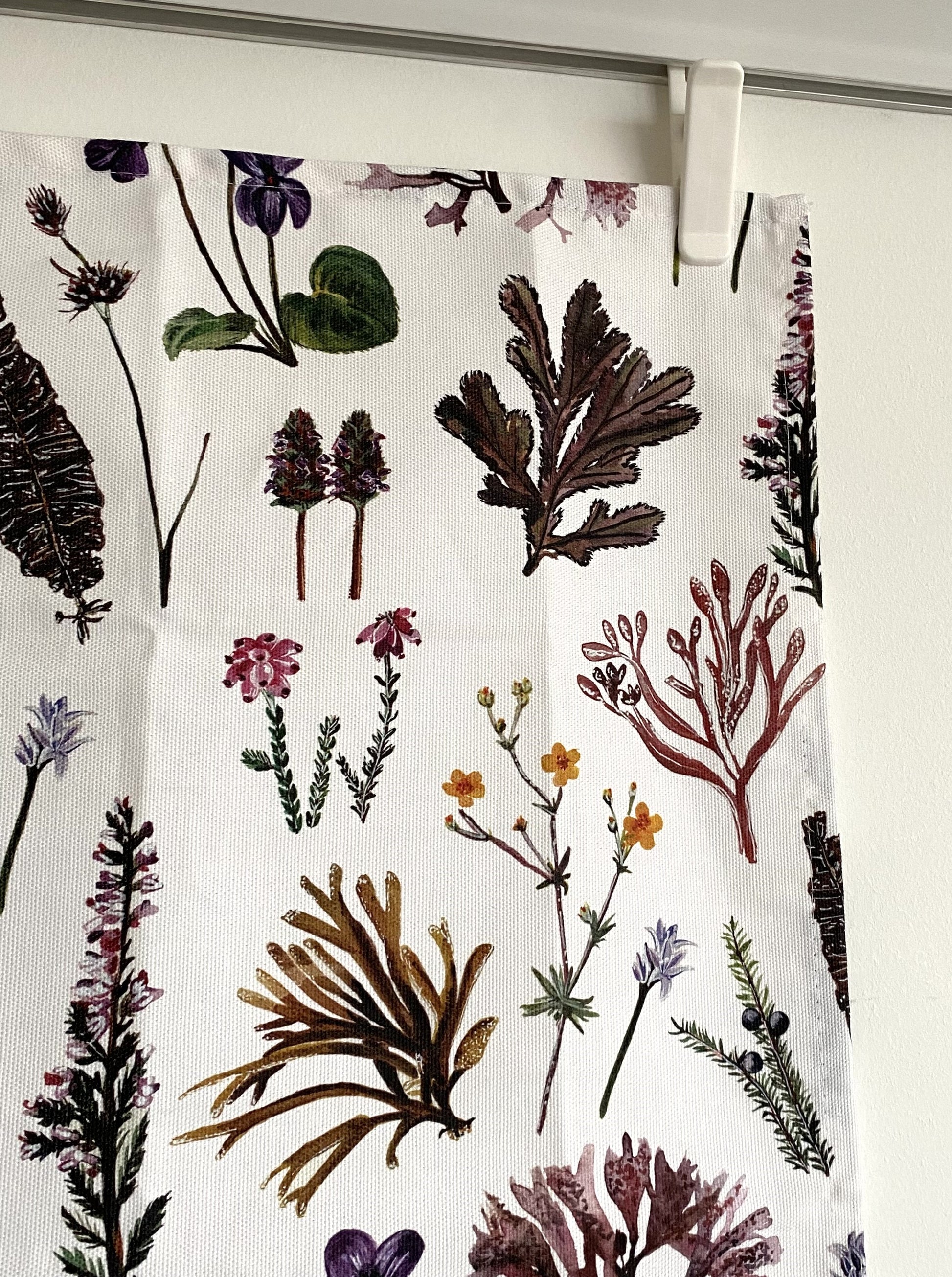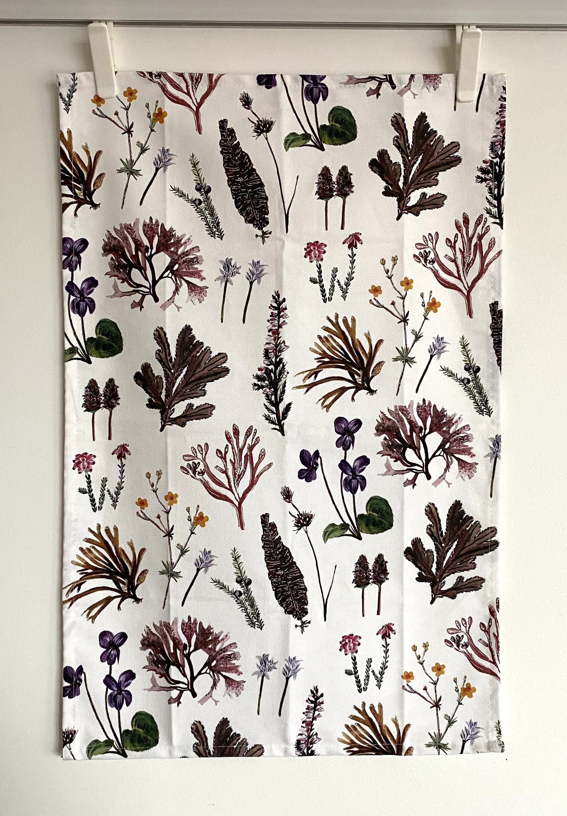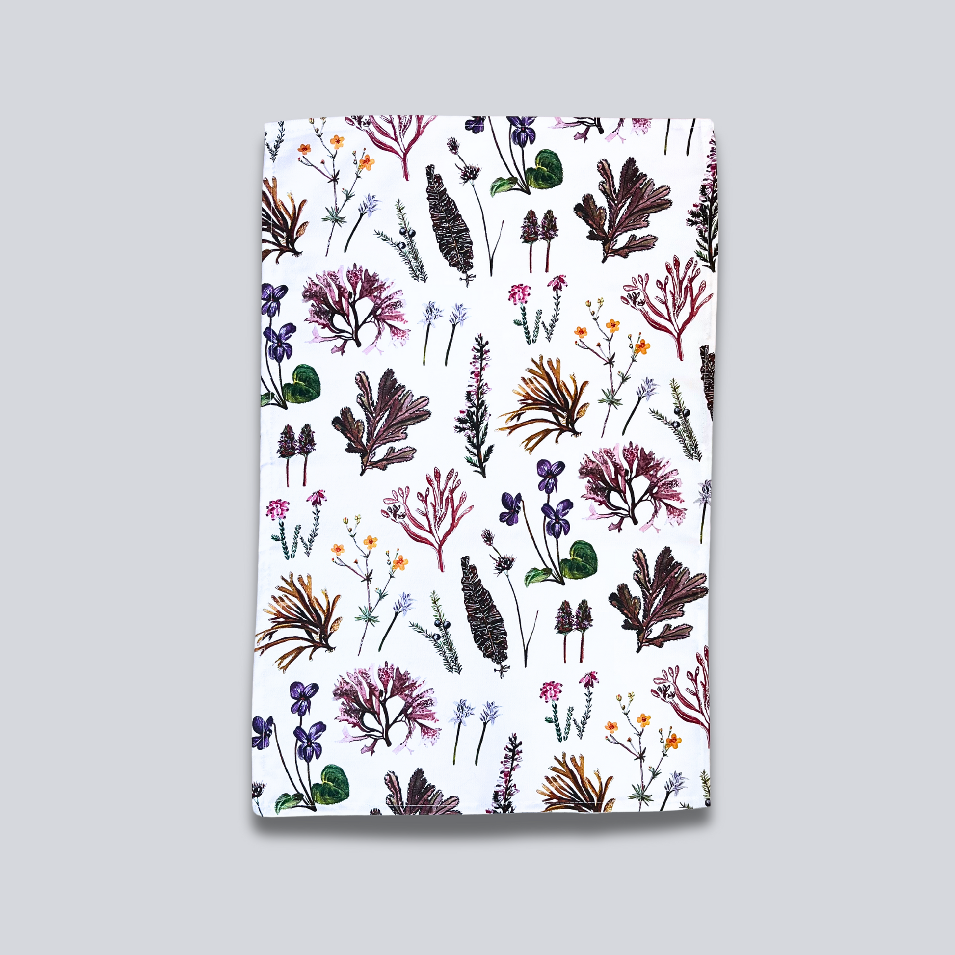 A beautiful 100% cotton tea towel featuring a pattern of 13 illustrations of wild flowers and seaweeds found in Shetland.
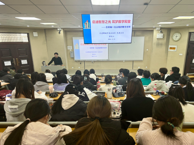 首先,窦龙江结合自身丰富的教学实践经验,向同学们阐述了成为一名合格数学教师所应具备的多方面素质。他强调,教师要具备扎实的专业知识、幽默风趣的个人魅力和出色的教学技能,并且能够关注到员工在学习进程中的点滴成长与发展状况。在教学方法上,教师要善于捕捉不同员工之间的性格特点,尊重员工差异,提高员工对于学习的兴趣。其次,师范生要有创意,通过精美的PPT和几何画板等多样化的教学手段,将抽象问题直观化、数学思维可视化、数学问题生活化、重要题型模型化。最后,窦龙江提出课堂教学要引发员工思考,引导员工挑战自我,这一观点让师范生认识到数学教学不只是公式计算,更是思维的启迪和能力的培养。
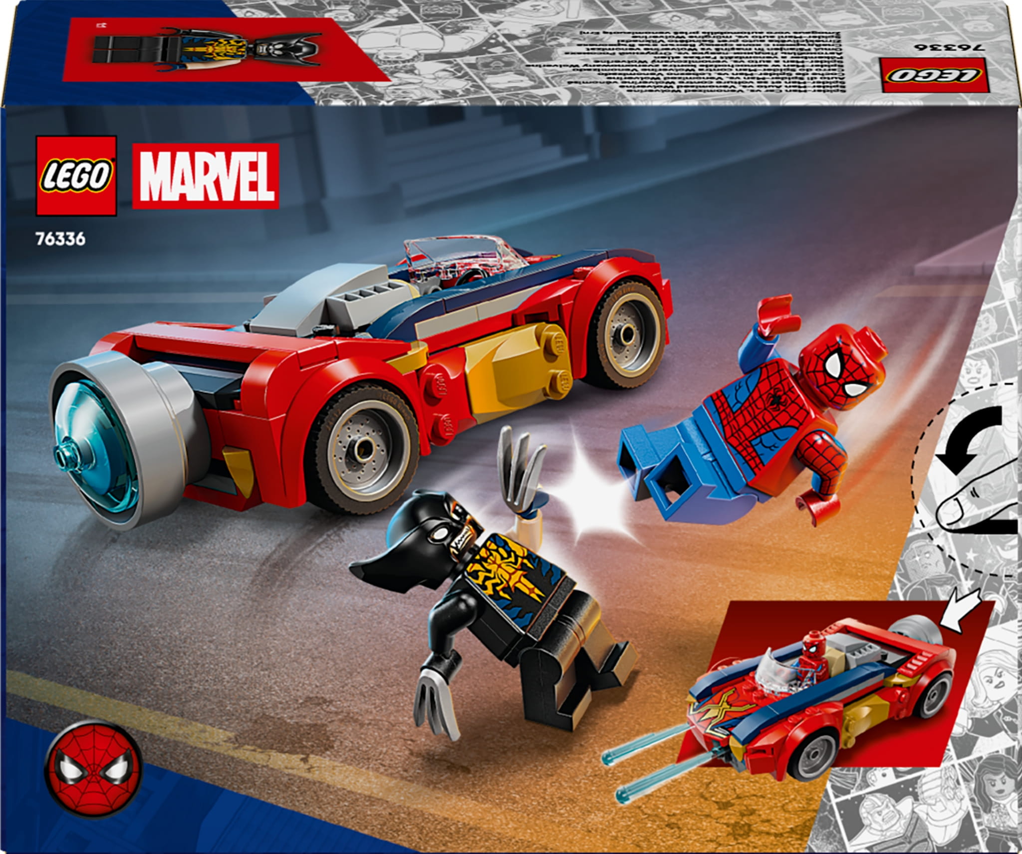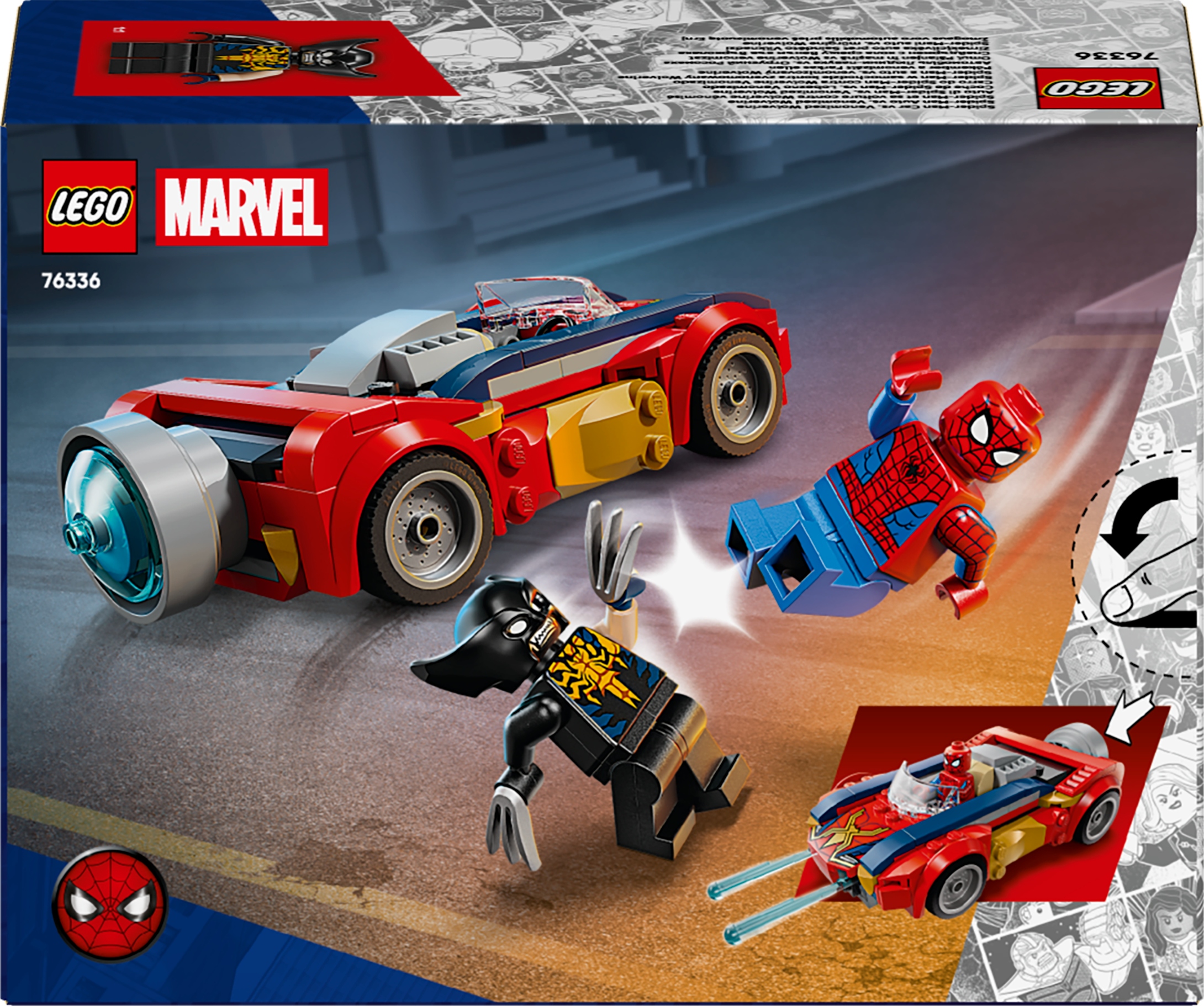 Zestaw konstrukcyjny z minifigurkami Spider-Mana i zvenomowanego Wolverine'a pozwala dzieciom wcielić się w ciekawe postacie z serii LEGO® ǀ Marvel. Jest to pierwszy zestaw LEGO ǀ Marvel zawierający minifigurkę zvenomowanego Wolverine'a. Akcja zestawu z superbohaterami rozgrywa się w samochodzie Spider-Mana. Z tyłu znajduje się przełącznik, który uruchamia dwie wyrzutnie sprężynowe z przodu.
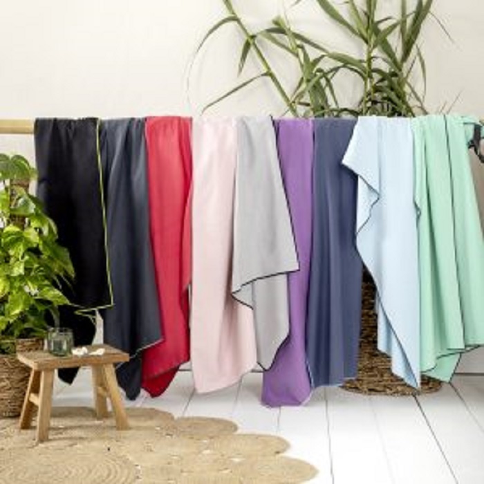 Πετσέτα θαλάσσης με σύνθεση 100% microfiber. Μια εξαιρετικά ελαφριά και απορροφητική πετσέτα για την παραλία με επεξεργασία Quick Dry για να στεγνώνει γρήγορα. Το χαρακτηριστικό του υφάσματός της από microfiber είναι ότι έχει πολύ πυκνή ύφανση που αποτελείται από εξαιρετικά λεπτά νήματα που είναι ίσα ή λεπτότερα του ενός denier. Χάρη σε αυτή την ιδιαίτερη ύφανση έχει πάρα πολύ απαλή και μαλακή υφή. Επιπλέον, έχει μεγάλη αντοχή στις συχνές πλύσεις και καθαρίζει εύκολα, χωρίς να απαιτεί ειδική φροντίδα.

# # # # # # #

▶ [Task goal]: Please, without any pictures, write out exactly the lines of the listing from its first line through the line that holds "Zestaw konstrukcyjny z", ends included, and nothing beyond them.

▶ [Response to this task]:
 A beautiful 100% cotton tea towel featuring a pattern of 13 illustrations of wild flowers and seaweeds found in Shetland.
 首先,窦龙江结合自身丰富的教学实践经验,向同学们阐述了成为一名合格数学教师所应具备的多方面素质。他强调,教师要具备扎实的专业知识、幽默风趣的个人魅力和出色的教学技能,并且能够关注到员工在学习进程中的点滴成长与发展状况。在教学方法上,教师要善于捕捉不同员工之间的性格特点,尊重员工差异,提高员工对于学习的兴趣。其次,师范生要有创意,通过精美的PPT和几何画板等多样化的教学手段,将抽象问题直观化、数学思维可视化、数学问题生活化、重要题型模型化。最后,窦龙江提出课堂教学要引发员工思考,引导员工挑战自我,这一观点让师范生认识到数学教学不只是公式计算,更是思维的启迪和能力的培养。
 Zestaw konstrukcyjny z minifigurkami Spider-Mana i zvenomowanego Wolverine'a pozwala dzieciom wcielić się w ciekawe postacie z serii LEGO® ǀ Marvel. Jest to pierwszy zestaw LEGO ǀ Marvel zawierający minifigurkę zvenomowanego Wolverine'a. Akcja zestawu z superbohaterami rozgrywa się w samochodzie Spider-Mana. Z tyłu znajduje się przełącznik, który uruchamia dwie wyrzutnie sprężynowe z przodu.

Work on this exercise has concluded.